Deleting duplicate rows in Excel using Epplus

Deleting duplicate rows in Excel using Epplus - c#

I have a worksheet with a number of rows and several columns. I want to delete all duplicate rows in this worksheet. In other words, the highlighted rows in this screenshot should be deleted, and the rows below should be moved up:
and should result in the following:
I'm using the following snippet of code:
List<int> rowsToDelete = new List<int>();
for (int row = 1; row <= worksheet.Dimension.End.Row; row++)
{
string a = worksheet.Cells[row,1].Value.ToString();
string b = worksheet.Cells[row,2].Value.ToString();
string c = worksheet.Cells[row,3].Value.ToString();
int i = row + 1;
while (worksheet.Cells[i,1].Value.ToString().Equals(a) &&
worksheet.Cells[i,2].Value.ToString().Equals(b) &&
worksheet.Cells[i,3].Value.ToString().Equals(c))
{
rowsToDelete.add(i);
i++;
}
}
foreach (var row in rowsToDelete)
{
worksheet.Delete(row);
}
It is not deleting the correct rows. How can I fix this?
This is using Epplus 4.5.3.3 and .NET Framework 4.6.1

I can only assume you are misunderstanding my comment in reference to the posted while statement…
while (worksheet.Cells[i,1].Value.ToString().Equals(a) &&
worksheet.Cells[i,2].Value.ToString().Equals(b) &&
worksheet.Cells[i,3].Value.ToString().Equals(c)) { …

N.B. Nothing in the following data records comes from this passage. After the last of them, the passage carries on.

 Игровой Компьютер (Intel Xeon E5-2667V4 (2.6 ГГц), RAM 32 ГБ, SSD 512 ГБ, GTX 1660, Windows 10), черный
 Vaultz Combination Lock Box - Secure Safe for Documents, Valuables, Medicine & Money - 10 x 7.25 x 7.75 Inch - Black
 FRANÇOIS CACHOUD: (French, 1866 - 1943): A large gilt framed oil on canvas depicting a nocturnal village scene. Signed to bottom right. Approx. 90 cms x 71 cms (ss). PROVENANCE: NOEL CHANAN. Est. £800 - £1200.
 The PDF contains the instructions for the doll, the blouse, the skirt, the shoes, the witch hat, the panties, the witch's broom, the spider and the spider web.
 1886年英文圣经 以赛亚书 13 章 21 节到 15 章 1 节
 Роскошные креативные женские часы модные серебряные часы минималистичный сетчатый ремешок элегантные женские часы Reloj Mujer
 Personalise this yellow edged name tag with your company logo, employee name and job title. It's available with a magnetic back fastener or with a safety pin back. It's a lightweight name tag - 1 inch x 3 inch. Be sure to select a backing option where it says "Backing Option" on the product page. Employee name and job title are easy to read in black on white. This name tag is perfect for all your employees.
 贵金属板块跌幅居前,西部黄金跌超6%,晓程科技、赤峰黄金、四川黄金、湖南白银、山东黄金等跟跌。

This will work ONLY if the duplicate rows are contiguous. Example, using the first posted picture, lets assume there is a row nine (9) and in this row we have the “duplicate” cell values “a”, “b” and “c”. So when the while loop starts row 2 will evaluate to true as that row is a duplicate of row 1. So row index 2 is added to the list. On the next iteration of the while loop we will add row 3 as a duplicate. However, when we get to row 4, the while condition will evaluate to false as row 4 is NOT a duplicate of row 1. Therefore, the while loop will “EXIT” and the code will loop back up to the initial for loop to check the next row duplicates. At this point the duplicate at row 9 will never get checked thus leaving it as a duplicate row.
The point is that you do NOT want to stop checking for duplicate rows if one of the rows is NOT a duplicate. You need to continue through all the rows as the duplicate row could be on ANY row.

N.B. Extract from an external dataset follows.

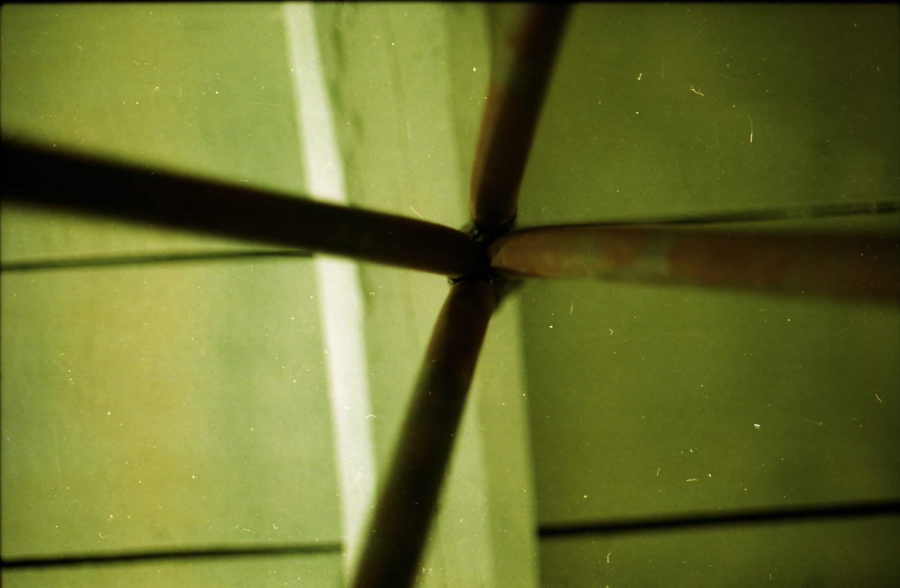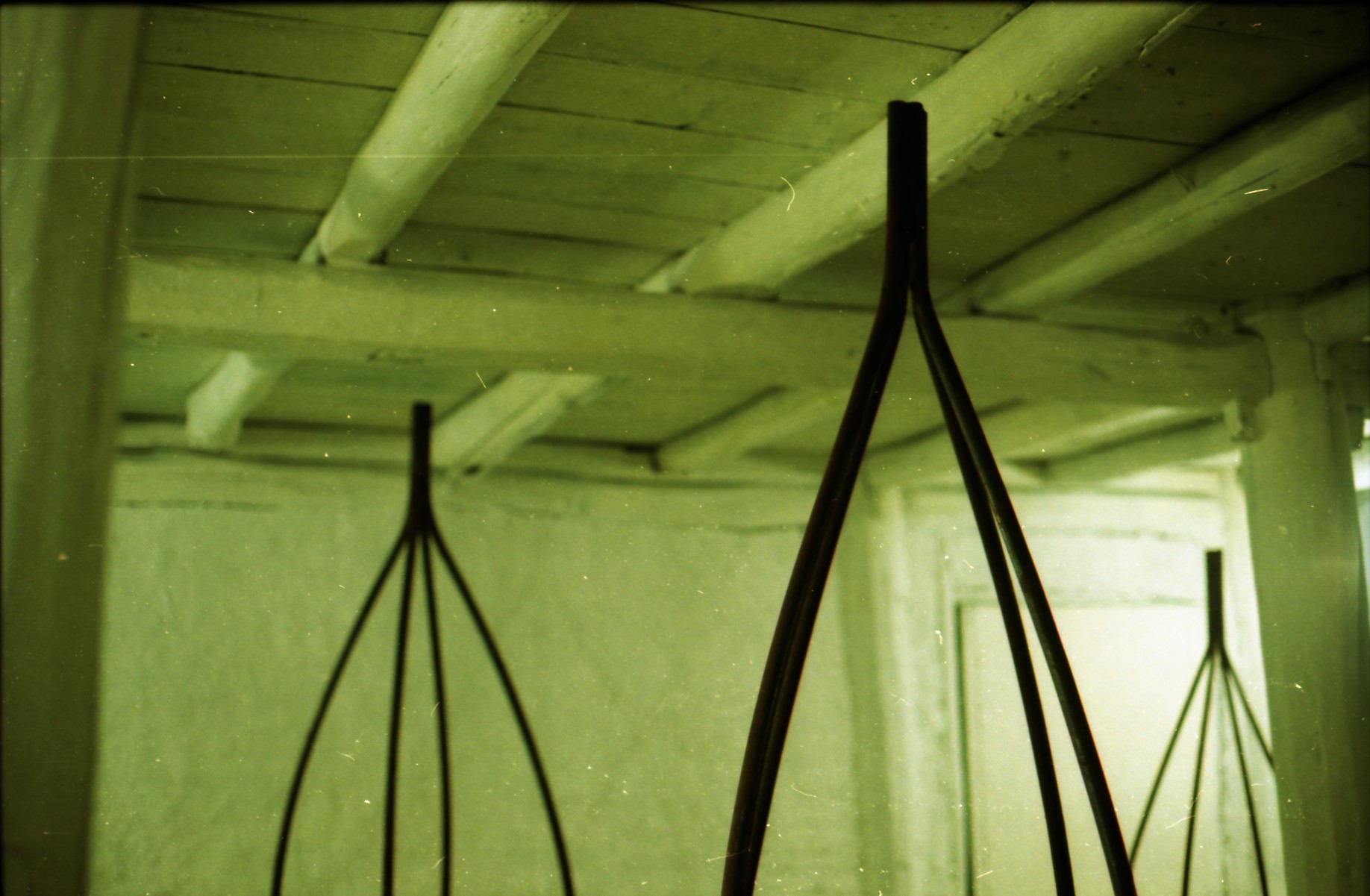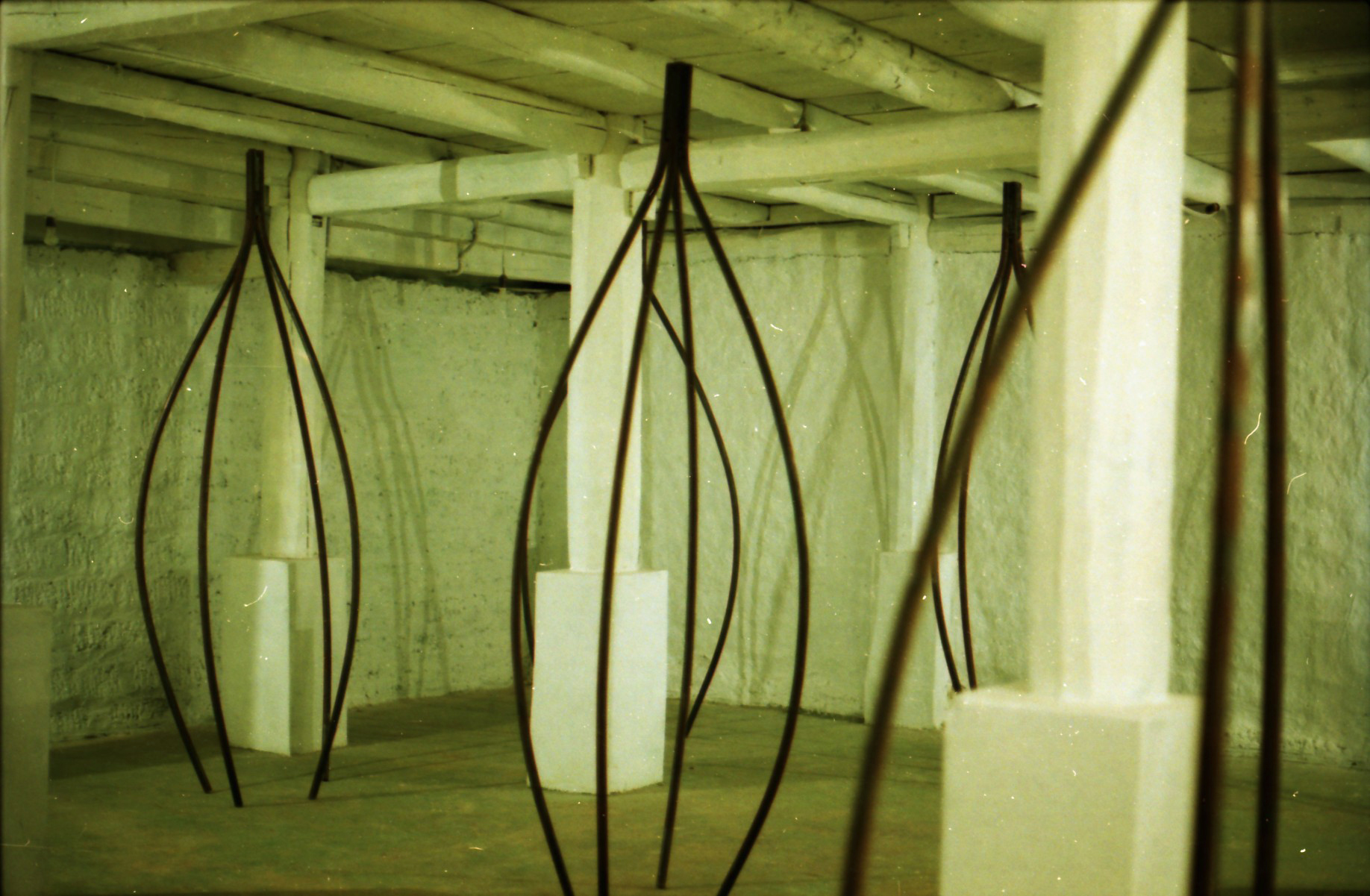 Lam's works are made from bamboo. The Title of installation with bamboo, metal is: "Construction"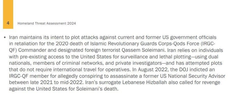 В документе утверждается, что для ликвидации американских чиновников Иран полагается на лиц, уже имеющих доступ в США. Речь идёт о лицах с двойным гражданством, членов преступных сетей и частных детективов. Кроме того, Иран якобы предпринимает попытки заговоров, которые не требуют международных поездок.

It should also be noted that it may be helpful to avoid “checking” for a duplicate row that has already been marked as a duplicate. Example, using the same first picture, in the first pass though the rows for the “first” row will add rows 2 and 3 as “duplicate” rows. So, when the while loop exits and we loop back up to the next row to check it will be row 2. However row 2 is ALREADY marked as a duplicate, so really there is no need to check that row for duplicates. In the solution below, a check will be made to see if the row that we are checking is already marked as a duplicate. If the row IS marked as a duplicate then we will simply skip that row.
Next, the last foreach loop to actually remove the rows may have some issues. Example, let’s say that the rows to remove list contains rows 2, 3 and 7. So inside the foreach loop... the code removes row 2. After this row is removed, then, row 3 is now row 2 and row 4 is now row 3 etc.… Therefore on the next iteration of the loop it will remove row 3 which is NOW row two (2). I hope it is clear that removing the rows in a top-down fashion WILL NOT WORK because as soon as the first row is removed, then all the row indexes below that row will change.

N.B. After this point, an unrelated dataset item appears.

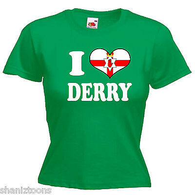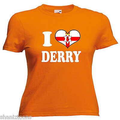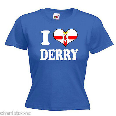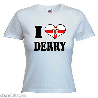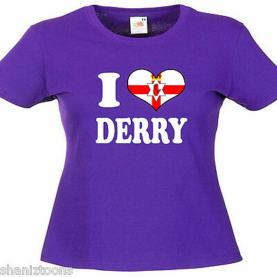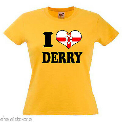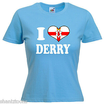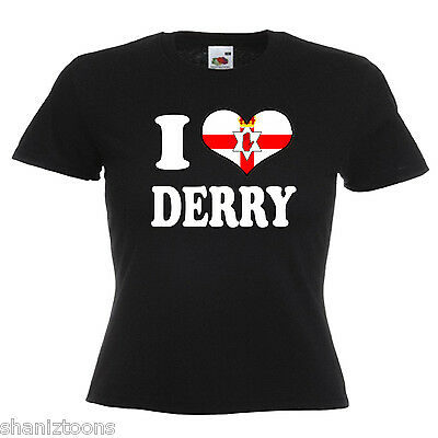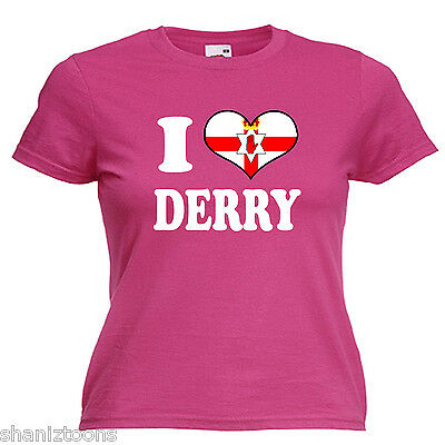 I LOVE HEART DERRY LADIES LADY FIT T SHIRT 13 COLOURS SIZE 6 - 16 [ENDED]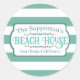 This sticker features a nautical theme with teal horizontal stripes in the background. A vintage style frame is in the centre with a sample family name and the Beach House title printed in a whimsical teal or aquamarine font. The location of the beach house is printed at the bottom. You can personalize the sticker to include your own custom name or text.

So, if we want to delete the proper rows in the list of row indexes, then, we can accomplish this by removing the rows from a bottom-up fashion. If we remove the rows from the bottom-up, then we do not have to worry about getting the indexes mixed up as we do when deleting the rows in a top-down fashion.
Given all this, I suggest you break this problem up into two steps. The first step simply fills the list of duplicate rows. Bear in mind, since we will be checking for the duplicate rows in a top-down fashion, the list of row indexes may not necessarily be in an ordered fashion. Example, if we add a duplicate row 9 as previously suggested, then the list of row indexes to delete would be { 2, 3, 9, 7 }. The 9 is BEFORE the 7 because row 9 was found to be a duplicate of row 1 and row 7 was found to be a duplicate of row 6. The point here is that the list may not necessarily be in an ordered fashion and this will create problems as described above.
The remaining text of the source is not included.